Home | First | Prev | Next

LIFE-STUDY OF HEBREWS

MESSAGE TWENTY-SIX

THE THREE STAGES OF SALVATION

According to the whole revelation of the Bible, God’s salvation is of three stages. It is a matter of a gradual process.

I. WITH THE ISRAELITES

The salvation which God intended for the children of Israel to partake of was related to three places: Egypt, from which they were delivered; the wilderness, in which they wandered; and Canaan, into which they entered. Their history in these three places signifies the three stages of their participation in God’s full salvation. The children of Israel did not partake of the whole of God’s salvation in one place.

A. Salvation from Egypt

In Egypt, the Israelites participated in the first stage of God’s salvation. At the time of the Passover, they experienced the redeeming blood of the lamb (Exo. 12:7) and the nourishing meat of the lamb (Exo. 12:8) and were saved from God’s righteous judgment. When they made their exodus out of Egypt and crossed the Red Sea, they were saved from Egyptian slavery and tyranny. After crossing the Red Sea, they were a released and liberated people. In this sense, they all were saved. No one can deny that they had been saved from God’s judgment and from Egyptian bondage, tyranny, and slavery. However, they had only shared in one-third of God’s full salvation. Although they had been saved from God’s judgment and from Pharaoh’s slavery, what about God’s eternal purpose? What about God’s expression and dominion? With the children of Israel at that time, there was not yet the divine expression nor the divine dominion. The tabernacle had not yet been erected, and God’s divine government had not been established on earth. Although the children of Israel had been saved from Egypt, they had to experience two further stages of God’s salvation for the fulfillment of God’s eternal purpose.

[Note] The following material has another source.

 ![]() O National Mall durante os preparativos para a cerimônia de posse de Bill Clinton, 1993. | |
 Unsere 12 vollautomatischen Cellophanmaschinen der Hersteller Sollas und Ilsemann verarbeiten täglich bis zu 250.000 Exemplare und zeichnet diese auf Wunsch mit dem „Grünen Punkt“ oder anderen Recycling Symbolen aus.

B. Salvation through the Wilderness

After the Israelites were saved from Egypt where they ate the Passover lamb and the unleavened bread, they experienced salvation through the wilderness. Although they had had a sweet enjoyment of Christ, typified by the lamb in Egypt, that was merely the initial stage, the beginning. They had to enjoy, partake of, and experience Christ more, as typified by the manna and the rock flowing with living water. After the exodus from Egypt, God brought them into the second stage, which was signified by the wilderness. In the wilderness they enjoyed the feeding manna (Exo. 16:31-32) and the quenching water (Exo. 17:6).

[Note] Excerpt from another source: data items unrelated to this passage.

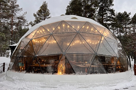 Ночь вы проведете в уютных шатрах-полусферах в окружении соснового леса.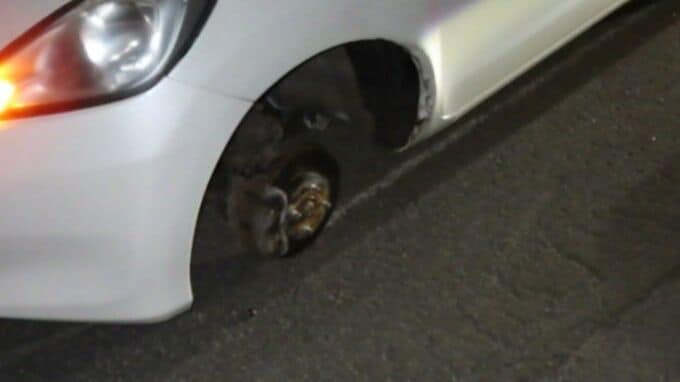 6日午後11時ごろ、北海道八雲町の道道42号を走行中の乗用車の左前輪が脱落する事故がありました。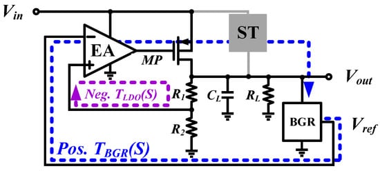 Next is the issue of system stability. Figure 12 illustrates the two loops in the system. The loop TBGR (S) generated from to is unique to the proposed structure. In this structure, the BGR is supplied by the stable output voltage of the LDO, resulting in a more stable output voltage of the BGR. Additionally, the reference voltage of the LDO is supplied by the BGR, creating a positive feedback loop that further stabilizes . However, a large interference in the circuit or a significant change in the LDO output load can also cause to deteriorate, due to the positive feedback loop. Fortunately, the system also features another feedback path, TLDO (S), which is the inherent negative feedback loop responsible for ensuring the LDO’s functionality. The system will remain stable as long as the negative feedback loop gain in the system exceeds the positive feedback loop gain.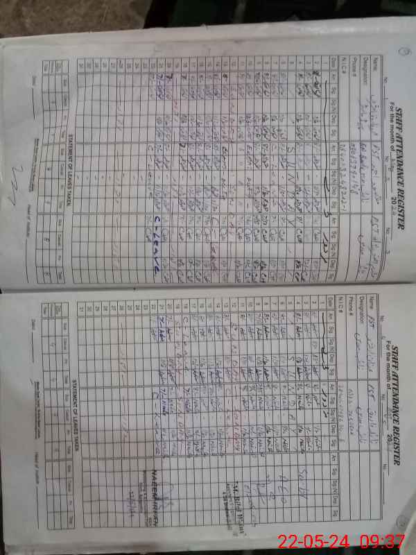 | CNIC | Full Name | Designation | R/C | Absence During Last Calender Month |

Because of the influence of past teaching, whenever we hear the word wilderness we think of it as a bad word. Although it is not a good word, it is not altogether bad. If you consult a map, you will see that the children of Israel could not have gone from Egypt into the good land without passing through the wilderness. The wilderness was bad because the children of Israel did not go directly through it into Canaan but wandered in it for over thirty-eight years. It was that waste of time which made the wilderness so bad. If, however, they had crossed the Red Sea and gone directly through the wilderness into the good land, the wilderness would have been a good word. That the wilderness was not altogether bad is proved by the fact that there the Israelites enjoyed the manna and the water from the rock, both of which were types of Christ.